Константин Иванович вздохнул и поморщился. Вот уже почти три года он вынужден повторять самому себе утешительные истины: нельзя жить с человеком из жалости, насильно мил не будешь и так далее. Эти банальности нужны ему, как витамины, для поддержки жизненного тонуса. Хотя Надя не просила о жалости, не пыталась быть «милой насильно», все равно – сама виновата. Он ведь артист до мозга костей. Он не может дышать без свежих страстей, без ярких чувств, без юного праздничного личика Маргоши, наконец. Не может – и все. Он тоскует по Маргоше каждую секунду, даже Париж без нее кажется пустым и пресным. Она прилетает сегодня в половине третьего утра по местному времени. Вырвалась к нему на пару дней, просто так, потому что соскучилась. Ждать осталось совсем немного. Уже полночь, он побудет в кафе еще полчасика, потом пройдет пешком по бульвару Сен-Жермен, до платной стоянки, сядет в маленький серебристый «Рено», который взял здесь напрокат, и отправится в аэропорт встречать свою красавицу…

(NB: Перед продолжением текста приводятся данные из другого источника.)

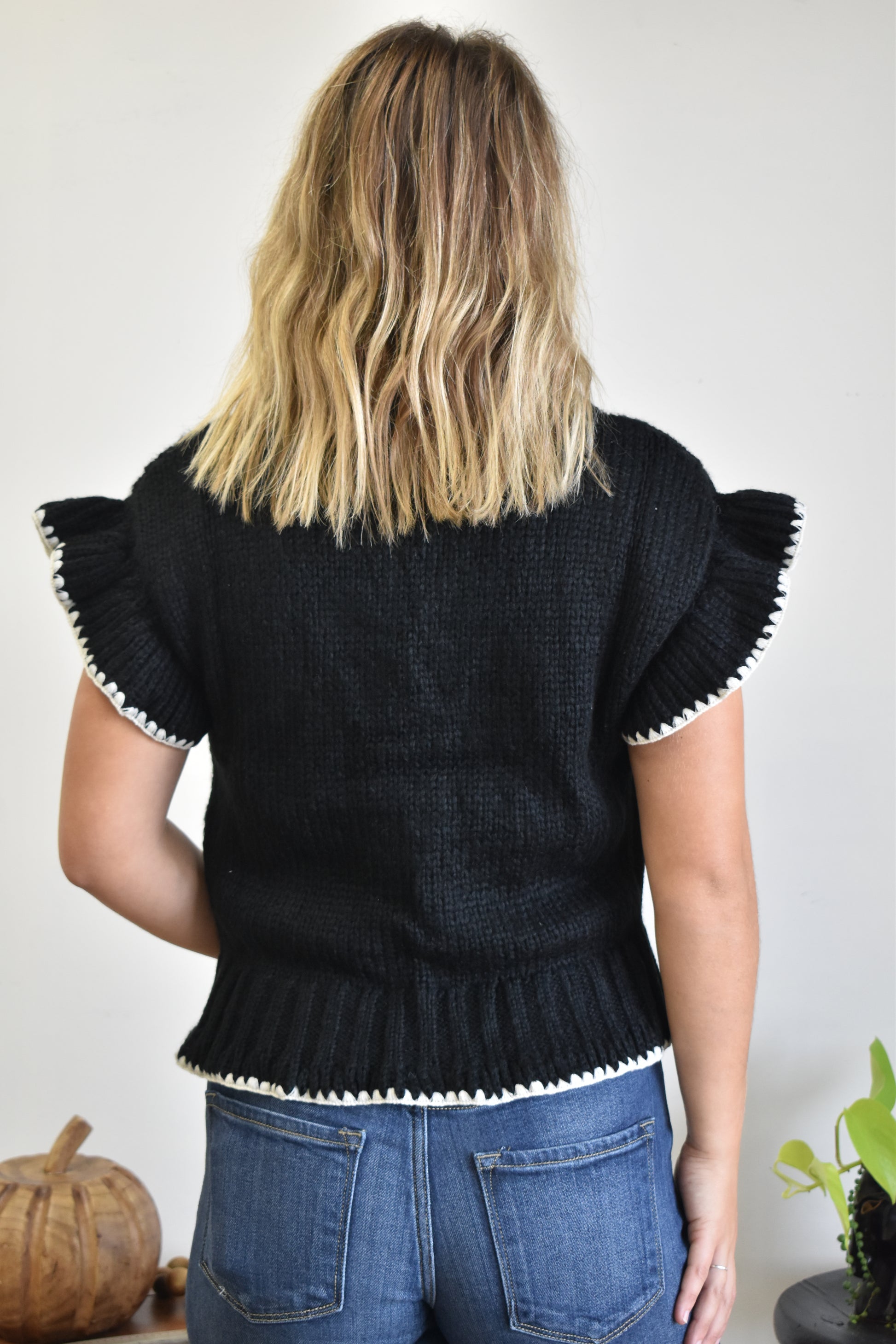 Black ruffle short sleeve, flowers stitched on front & 3 button front.

Хозяин за стойкой тщательно протирал бокалы. Стена за ним была заклеена денежными купюрами разных государств. Вон ту старую советскую десятку с профилем Ленина подарил хозяину Константин Иванович в семьдесят девятом году. И в каждый свой приезд он дарит хозяину кафе на площади Сен-Жермен бумажную денежку на память. Деньги в России все время меняются. Хозяин берет купюру, кивает без всякой улыбки, говорит: «Мерси, месье». Но не помнит, не узнает.
Парижане вообще помнят и узнают только самих себя. Нет более надменного города в мире. Сколько раз театр приезжал на гастроли, сколько фильмов переведено на французский, показано по телевидению, а все не узнают. В упор не видят.

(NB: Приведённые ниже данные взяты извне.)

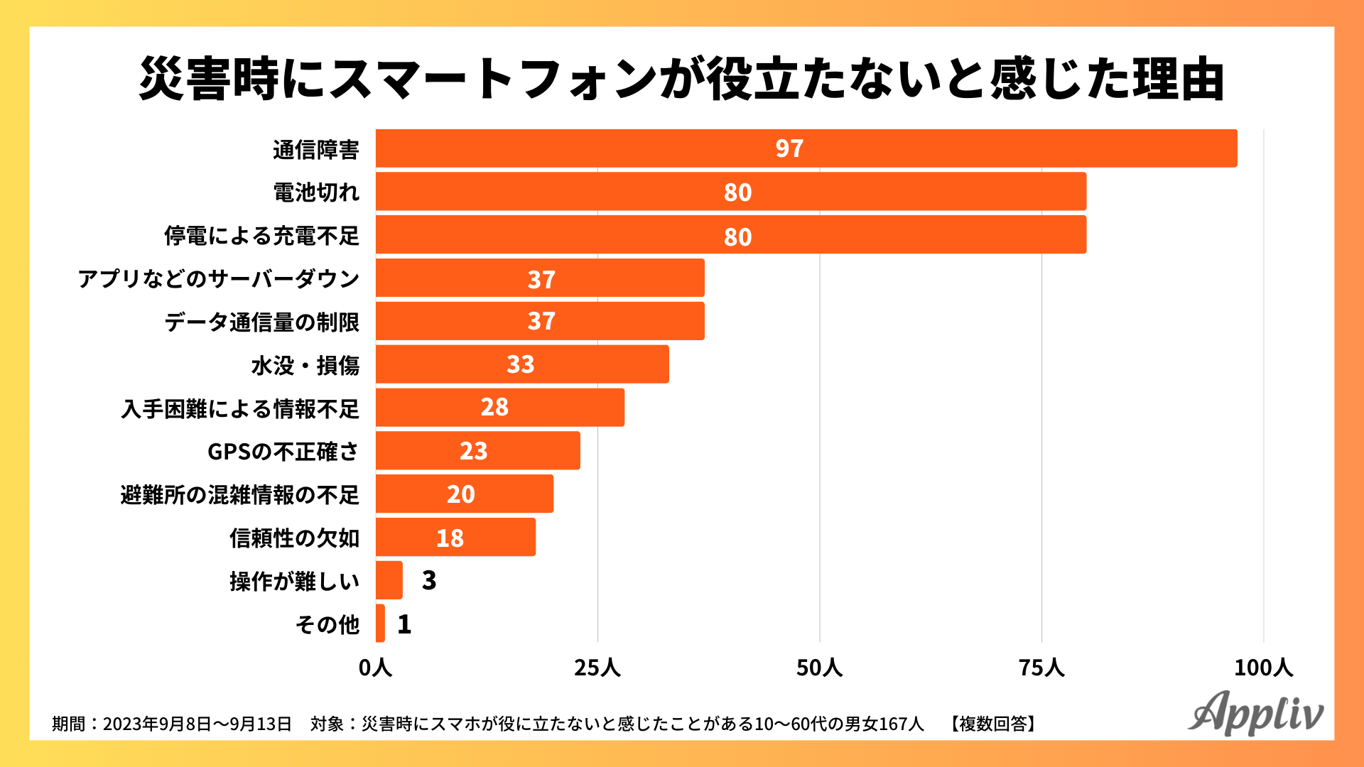 災害時にスマートフォンが役に立たないと感じた理由で、最も多かったのは「通信障害(97人)」、次いで「電池切れ(80人)」「停電による充電不足(80人)」という結果でした。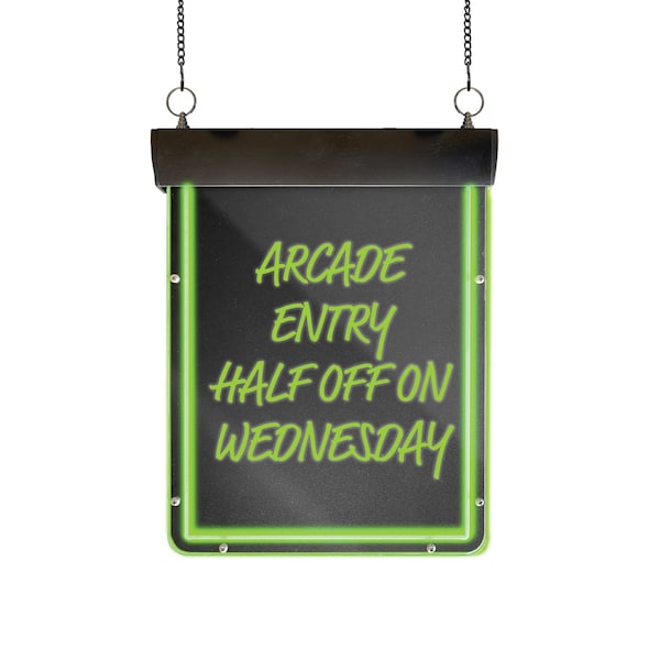 The Ultra Lite Lighted Write-On Markerboard. Writing lights up and changes with light color, switch from solid colors or alternate them. Unit includes power supply, hanging hardware and one marking pen.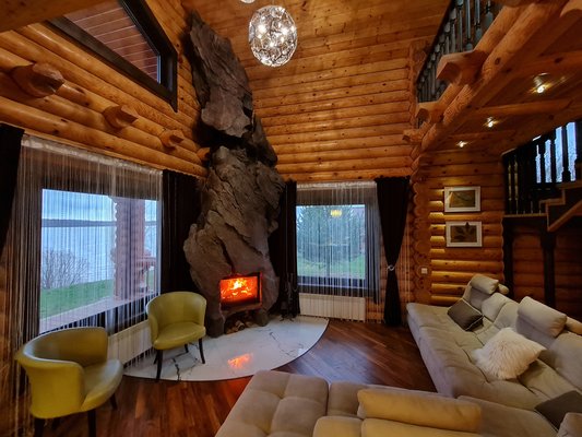В большом зале на первом этаже вас ждет гостиная с комфортной зоной отдыха и авторским дровяным камином, а также кухонная и столовая зоны с прекрасным видом на Волгу. Второй свет создает ощущение простора.

Константин Иванович любил пожаловаться на бремя всемирной славы. И в Нью-Йорке, и в Квебеке, и в Риме обязательно кто-то оглянется, улыбнется, произнесет имя если не самого Калашникова, то кого-нибудь из его известных персонажей. А по Москве пройти пешком невозможно, в магазинах вот уже лет двадцать замирают кассирши, глядят с открытыми ртами, гаишники не штрафуют, просят автограф.
– Силь ву пле, месье? – Хозяин оторвал взгляд от своих бокалов, взглянул вопросительно, без улыбки. – Анкор кафе?
Калашников вздрогнул. Оказывается, он тупо, не отрываясь, смотрел в это тонкогубое французское лицо, смотрел и не видел, думал о своем. А кофейная чашка давно опустела.
– Уи, месье, кафе-о-ле, – эхом отозвался Калашников и, продолжая пристально глядеть в блестящие черные глаза хозяина, добавил на своем хорошем французском: – Вы не узнаете меня? Я ведь много раз заходил к вам. Я очень известный русский артист.
– Нет, месье. Я вас не знаю. Вам кофе с сахаром?
«И что на меня нашло? – удивился Константин Иванович. – Глупость какая… Даже если этот гаденыш меня узнал, все равно не скажет. Будет молчать, как партизан, и с гордым видом шлифовать свои бокалы».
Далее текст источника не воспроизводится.